La palabra “raza” ha circulado a lo largo de la historia del Perú y casi siempre para mal. Era parte de una expresión que escuchaba en mi juventud como reproche o protesta. “Qué tal raza” se refería a una conducta del entrometido o atrevido que debía ser rechazada. El origen racial era la explicación por el traspaso de los límites sociales o culturales en boga. El racismo estaba inscrito en la expresión que creo que felizmente ha pasado de moda.
No ha pasado de moda la discriminación ni en el Perú ni en el mundo, como podemos ver todos los días, por desgracia. Hace poco el futbolista Álvaro llamó “mono” a Neymar en pleno partido de la liga francesa. Los ataques de un desquiciado a un sereno en Miraflores con grotescos epítetos racistas es otro ejemplo. Hoy, en Estados Unidos las calles se llenan de protestas raciales contra la violencia policial.
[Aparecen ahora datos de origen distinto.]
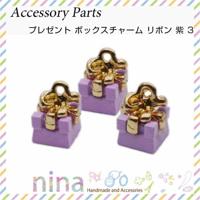 プレゼント ボックスチャーム リボン 紫 3個セット リボンパーツ 紫 フラクト リボンパーツ デコ ボックスチャーム パープル プレゼント 可愛い デコパーツ レジン液 手作り ペンダント ネックレス

Una desafortunada frase de la congresista Martha Chávez (en alusión a los rasgos andinos del ex primer ministro Zeballos) es parte de esa antología reciente. El racismo no ha desaparecido ni mucho menos, pero hoy al menos podemos indignarnos y la ley permite sancionar algunas de estas faltas.
El resorte de la raza siempre está presente. Nuestra vida política puede verse como una alternancia de lideres de distintas razas y clases sociales. Augusto B. Leguía, vinculado a la aristocracia limeña por sus habilidades financieras, fue sucedido por el “Mocho” Luis Miguel Sánchez Cerro, de raza mestiza. Muchos candidatos han sido presentados, para popularizarlos, con sus rasgos raciales. El “colorado” Belmont, el “cholo” Toledo, el “gringo” Kuczynski fueron apodados en su momento para sacar algún provecho (cercanía, identificación, aceptación), con el electorado. Recuerdo que en un acto público vi a alguien alabar a Toledo con el grito “Pachacútec”. Luego Isaac Humala iba a hablar, absurdamente, de la superioridad de la “raza cobriza”. Hace un tiempo se oyó decir que una plancha debe incluir candidatos de distintos colores: la “fórmula Benetton”.
El racismo sigue siendo un asunto cotidiano entre nosotros. “Gringa”, “negra”, “chola” son aún palabras cargadas de valoraciones para bien y para mal. La cantidad de resortes inconscientes que se ponen en juego en una votación daría para muchos estudios de psicoanálisis electoral.
Hace muchos años, en una entrevista que le hice para la revista “Debate”, Alfonso Grados Bertorini, siempre bien recordado, me dijo que pensaba que Belaunde sería el último presidente blanco del Perú. Era el año 1984 y el vaticinio de Grados entonces me pareció acertado. Hoy, sin embargo, hemos tenido a alcaldes y a un presidente de raza blanca elegidos sin problemas.
En el grupo de los que se anuncian como candidatos para las elecciones del año entrante hay varios blancos y hasta algunos rubios como el caso de George Forsyth (cuya ortografía peruana es Yorch Forzay, según veo en la inscripción de un cerro). Otros candidatos se anuncian, de todas las razas. Hoy no sabemos todavía qué función cumple el factor racial en nuestro siempre dinámico mosaico de las emociones sociales.
En 1770 el virrey Amat y Junyent le envió al rey Carlos III una serie de imágenes donde se tipificaban los distintos tipos de mestizaje. En cada pintura, en su mayor parte anónimas, se presentaban el padre, la madre y el vástago que resultaba de la mezcla de razas. Allí estaban las llamadas “razas puras” y las otras. Hoy felizmente todos sabemos que pertenecemos a las otras. La idea de la pureza late en algunos despistados pero no se atreven a decirlo. Que la olviden es el único modo de pensar que podemos ser un solo país, algún día.